Back To Slavery In Alabama? A Republican Politician Seeks 14th Amendment Repeal

Alabama House Speaker Nathaniel Ledbetter suggested the Supreme Court should overturn or weaken the 14th Amendment.

Ratified on July 9, 1868, the 14th Amendment is a cornerstone of the U.S. Constitution that granted citizenship to all persons born or naturalized in the U.S.—including former slaves—and guaranteed equal protection and due process under the law. It prohibits states from abridging citizens’ privileges or depriving them of life, liberty, or property without due process. 

Nathaniel Ledbetter – House Speaker – has ignited outrage across Alabama after openly, boldly suggesting the United States Supreme Court should reconsider or effectively gut the 14th Amendment. This would allow Republicans to push forward a congressional map courts already determined discriminated against Black voters.

This is almost unfathomable.

A sitting House Speaker in 2026 is talking about rolling back one of the most important constitutional protections in American history. He wants this because federal judges refused to approve a map that weakened Black political power.

That is not a minor, insignificant political disagreement. That is a direct assault on the foundation of equal protection in America. It is disgusting.

The 14th Amendment was ratified in 1868 in the aftermath of slavery and the Civil War. It guarantees citizenship, due process and equal protection under the law. Entire generations of Americans fought, bled and died so those protections could exist. Civil rights leaders marched for it. Scores of Black people were brutalized for it. Countless individuals were murdered defending the very voting rights Alabama politicians now seem eager to repeal.

Alabama Republicans seem furious that Black voters gained fairer representation when courts struck down the so called “Livingston map,” which judges found likely violated the Voting Rights Act by diluting Black voting strength.

Instead of accepting the ruling and moving forward fairly, lawmakers like Ledbetter want to dismantle the actual constitutional guardrails.

That should alarm and upset everybody regardless of political party. Should.

Ledbetter reportedly said:

“It gives us a chance to look at all of them, if we get some reprieve from the courts, so we’ll see how that goes and certainly hope that the Supreme Court will overturn Amendment 14,” he said and the doubled down. “All we need now is for the courts to overturn 14 and we can look at a new election.”

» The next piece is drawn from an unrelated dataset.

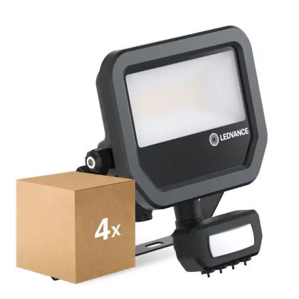 Voordeelpak 4x Ledvance LED Breedstraler Aluminium Zwart 17W 2400lm 100D - 840 Koel Wit | IP65 - Bewegings- en Lichtsensor - Symmetrisch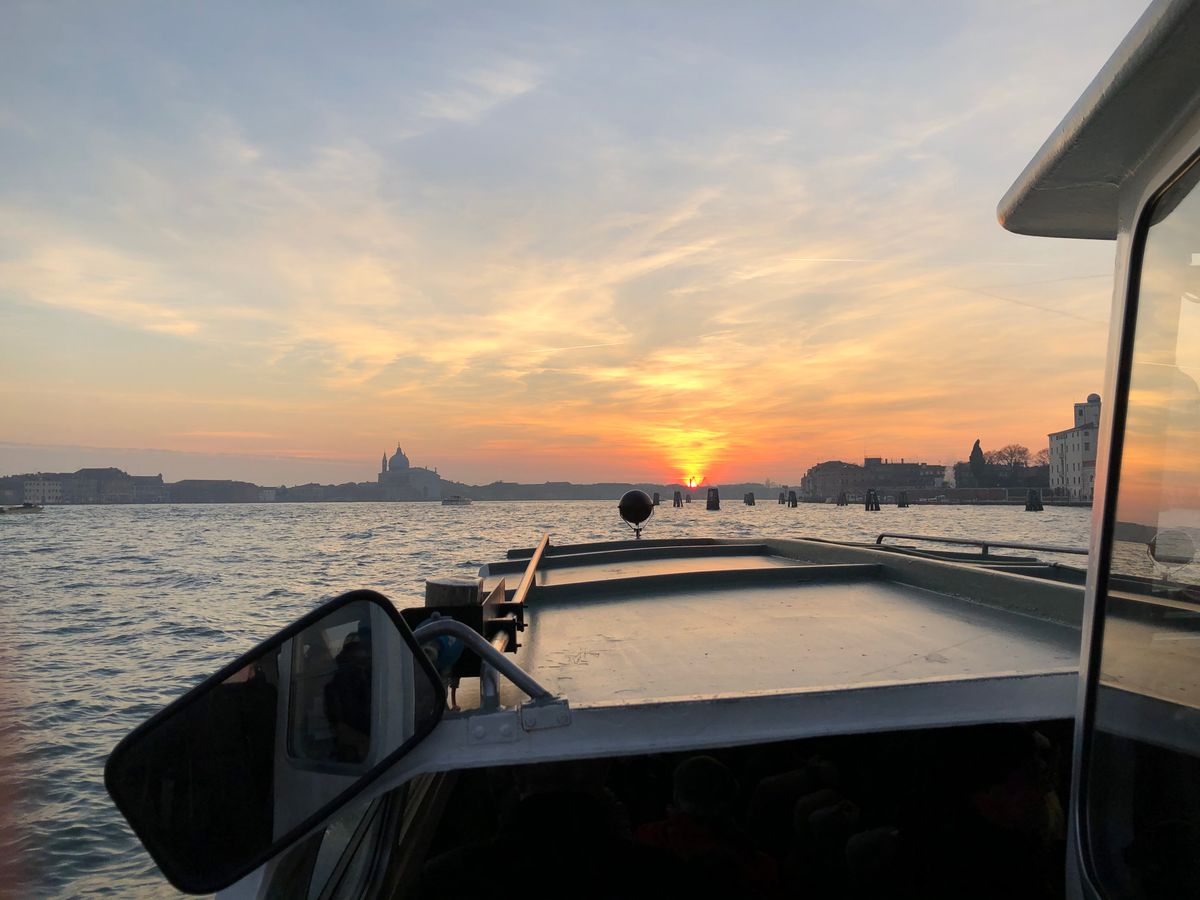 帰りに、サンマルコ広場からサンタルチア駅へ向かう水上バスで見た夕焼けが綺麗で、感動しました。

This frustration with redistricting immediately turned into a racist wet dream to erase protections that stopped discriminatory maps in the first place.

His proposal was not met without resistance.

Nearly 400 demonstrators rallied outside the Alabama State House after the remarks surfaced. People showed up because they understand exactly what is at stake. This is not just about district lines on a map. This is about whether Black voters deserve equal representation or whether politicians can redraw democracy until only certain voices matter.

This latest push exposes something deeper, more insidious happening across the South. Voting rights protections are increasingly being treated like inconveniences, when they are constitutional obligations. The language coming from some officials sounds less focused on fairness and more focused on regaining political advantage by any means necessary.

Alabama has a rich history of some of the most toxic, profound racism in this nation. It consistently ranks in the Top 10 most racist, exploitative regions. My friend lives there and he can barely get ahead. And yet, he’s committed to pushing, hanging in there with his family despite the mount ate of inequality before him. `

Alabama already carries the weight of Bloody Sunday, segregation battles and decades of voter suppression. For leaders in that state to casually discuss weakening the 14th Amendment feels like a sickening, repugnant Hail Mary. Also, it is a signal to those that may actually try to make it happen like the author of Project 2025.

Nobody should pretend this is normal political rhetoric and yet it is decidedly American.

It was not so long ago when politicians pushed to keep us all out of anything that would level the playing field. Moreover, it seems to be the norm – treating constitutional and legal protections like optional obstacles, So-called democracy feels highly negotiable, possibly non-existence.